SHTRDAVE, thanks also for replying, what size cookshack you own? its looking like i might have to go the route of a dehydrator, GreyStratCat has some positve feedback on the LP unit he owns, ill wait and listen to more responces as theres alot of members here that own different units and setups and have alot more knowledge than i do when it comes to jerky.


----------



## shtrdave (Dec 27, 2011)

I have the smaller smokette had it for about 12 years and still works great, I just learned what I can do in it and I can't. The 80Lmodel will hold about 20 pound of meat. I have a 48" SS gas smoker from cabelas what I use when I do sausage and bologna because I can't get anything like that in the cookshack. I have never tried jerky in my gasser.


----------



## grabber (Dec 27, 2011)

Check out sausagemaker.com.  All his product get great reviews and are used from Alaska to Texas.  Can't hurt.


----------



## mballi3011 (Dec 27, 2011)

I would recommend a smoker and that smoker would be the Smoke Vault 24" you'll love it Now for dehydraters I have one from Gander Mtn and it plastic and works but it works is about all I can say good about it.


----------



## dougmays (Dec 27, 2011)

for  you masterbuilt guys...what do you think about the cheaper model?

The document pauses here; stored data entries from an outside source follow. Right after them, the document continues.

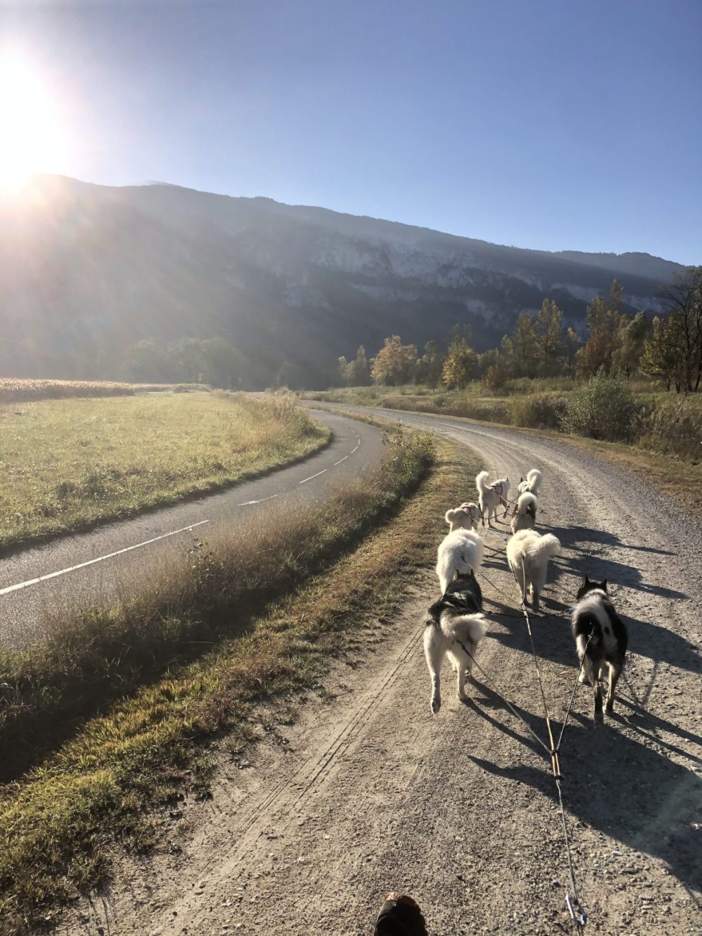 > kart tiré par la meute sur les sentiers de la Praille (20/30min de balade)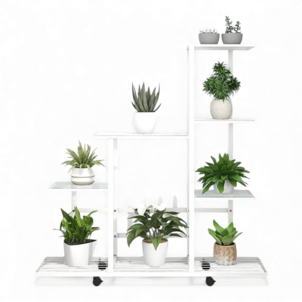 ชั้นวางต้นไม้แบบมีล้อหลายชั้นสีขาว พร้อมชั้นวางเก็บของ สำหรับตกแต่งบ้านและสำนักงานภายในอาคาร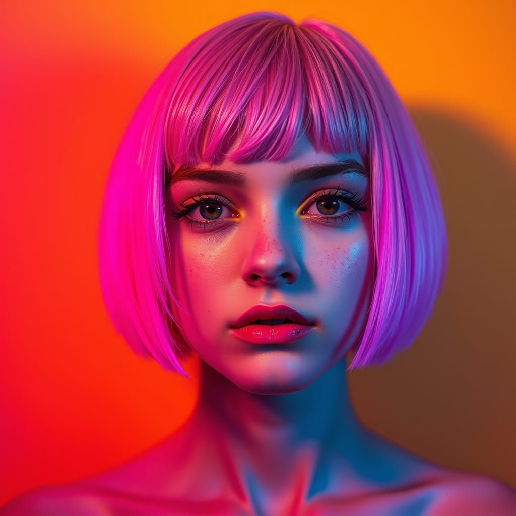 A digital portrait of a young woman with a pastel pink bob and freckles. The image features soft lighting and a vibrant color palette in a dreamy, melancholic aesthetic.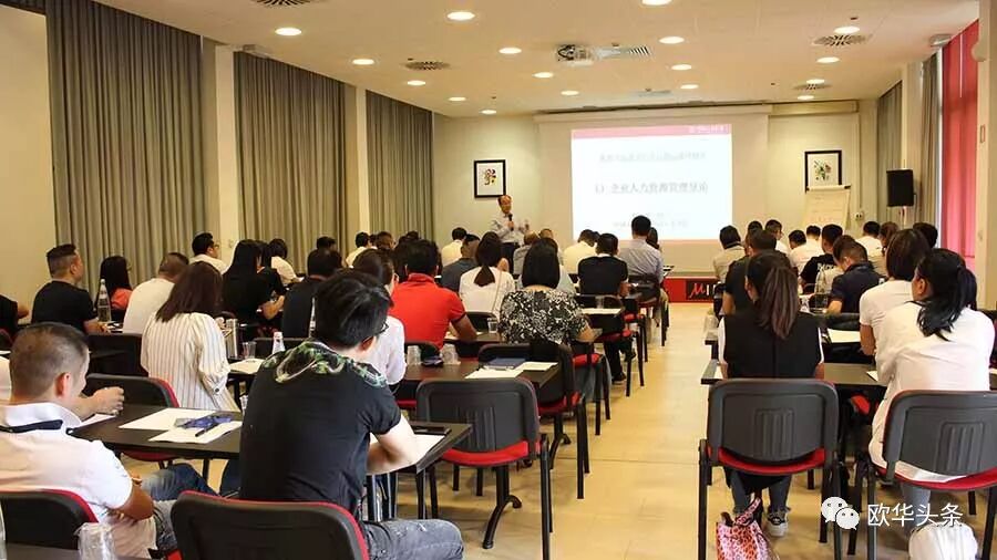 意大利《华人街》讯(记者一策):2018年9月1日,第十三期欧洲华商商学院普拉托高级研修班在当地Miro’ 大酒店(Via degli Olmi, 7, Calenzano)如期举行,中国人民大学劳动人事学院院长杨伟国教授亲临现场授课,授课内容为“企业人力资源管理”,据悉此次授课时间为9月1日和2日两天时间。在工作节奏及知识更新越来越快的今天,无论何人要胜任职责并有所创新,必须随时读书充电,当天有近百名学员利用节假日休息时间前来听课。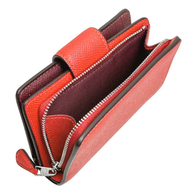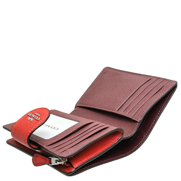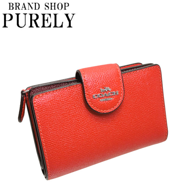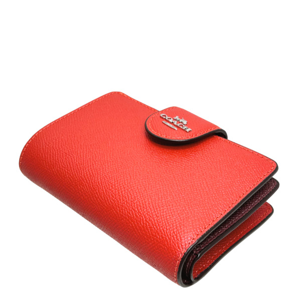 コーチ 財布 レディース COACH 折り財布 クロスグレイン レザー ミディアム コーナー ジップ ウォレット 6390 SVRCK ブライトポピー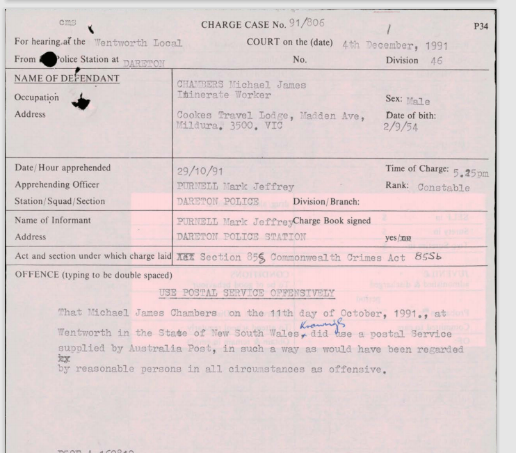 This Charge sheet copy is taken from the 1992 Wentworth NSW Local Magistrates Court August Trial transcript which is in the Local Court level attempted whole matter PDF.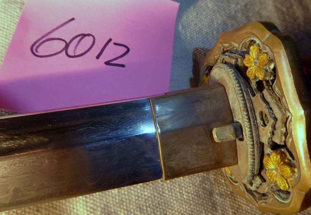 TWENTIETH CENTURY SECOND QUARTER AUTHENTIC SAMURAI SWORD 26 7/8" DAMASCUS STEEL BLADE, NUMBERED 91188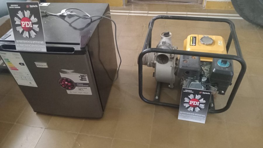 En el operativo los efectivos no sólo hallaron la carne y las bebidas, sino que también secuestraron un refrigerador tipo frigobar y una motobomba, que habían sido robados en un vivero de esa localidad el día 15 de marzo.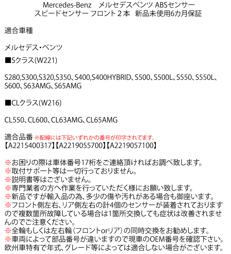 商品名 ベンツ W221 W216 Sクラス CLクラス ABSセンサー スピードセンサー 車速センサー フロント 左右セット A2215400317 A2219055700 A2219057100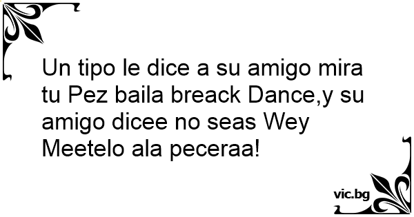 Un tipo le dice a su amigo mira tu Pez baila breack Dance,y su amigo dicee no seas Wey Meetelo ala peceraa!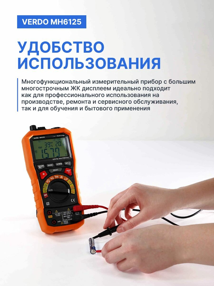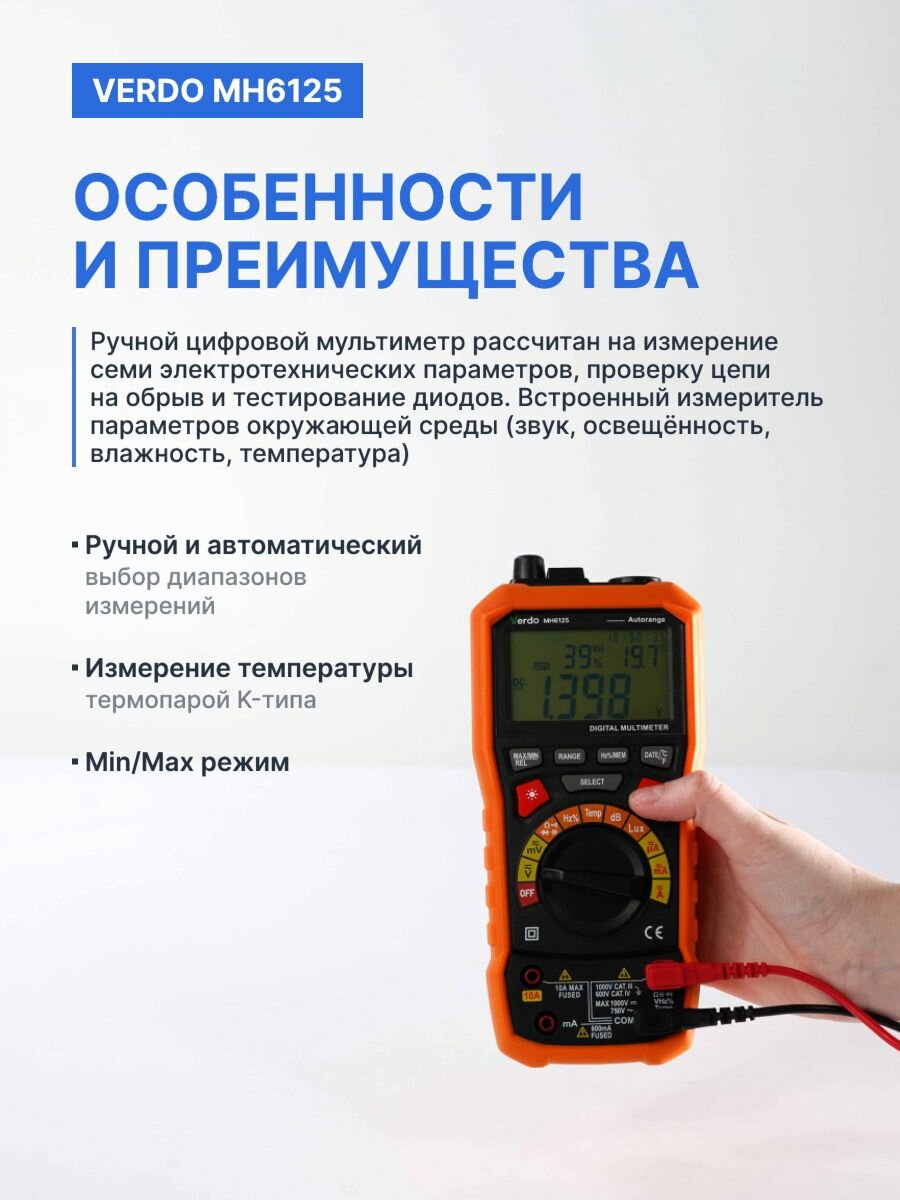 | Особенности | автоматический выбор диапазона измерений, подсветка дисплея |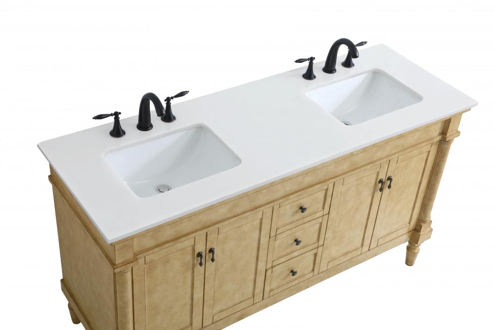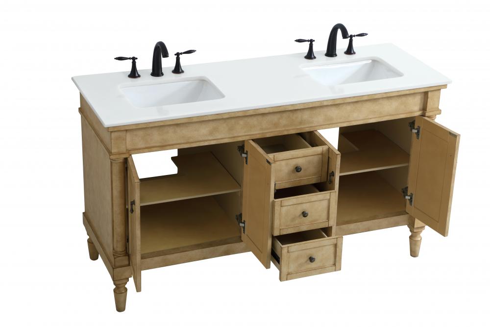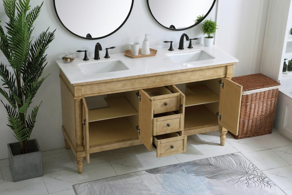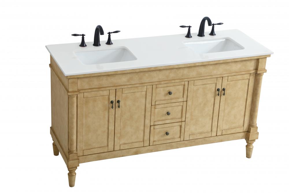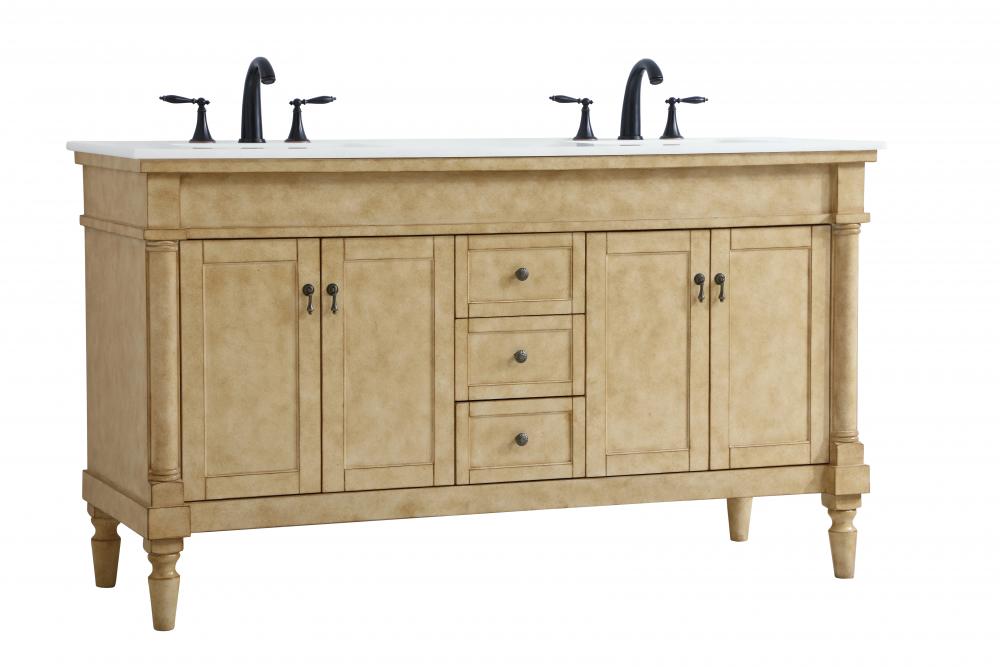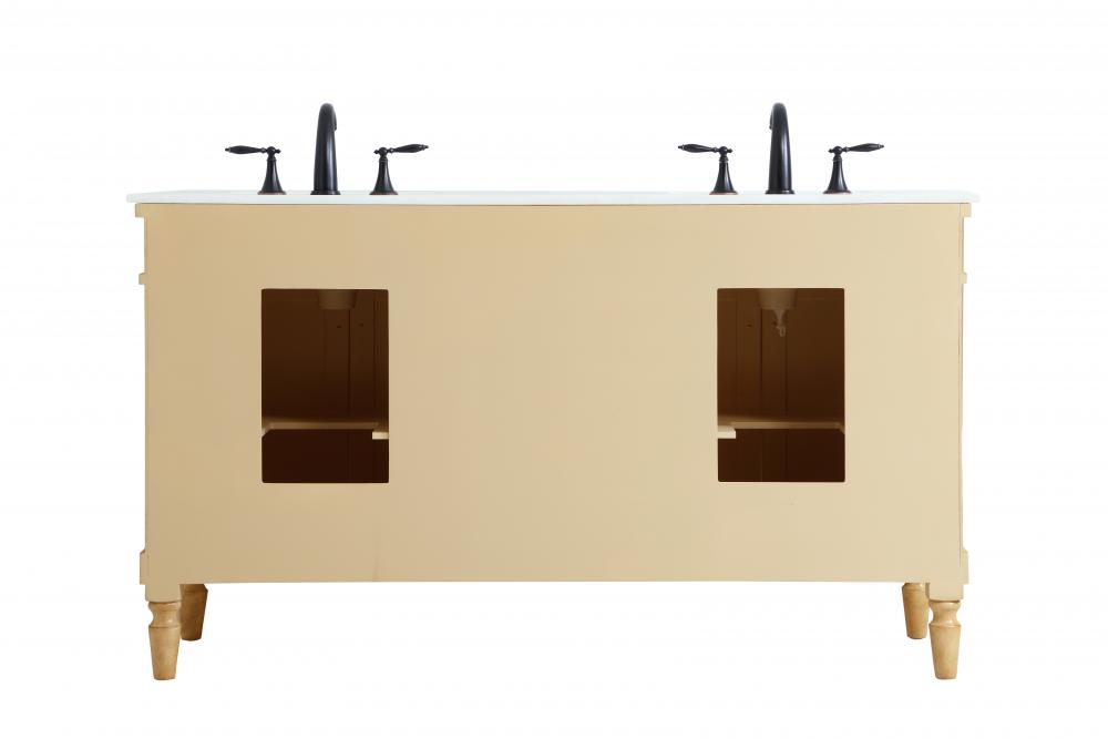 60 inch Double Bathroom vanity in Antique Beige with ivory white engineered marble

http://www.acehardwaresuperstore.com/205-smokers/1538.html

i've been making jerky for  awhile now on my WSM but i've contemplated getting one of these for ease of use for jerky?


----------



## bigfoot21075 (Jan 6, 2012)

Another thought - I have a middle of the road Dehydrator that does a TERRIFIC job. I got the 5 tray, it can easily do 5 pounds of meat, it is a quality piece that makes GREAT meat sticks and Jerky

http://www.excaliburdehydrator.com/Dehydrators-37-cat.htm


----------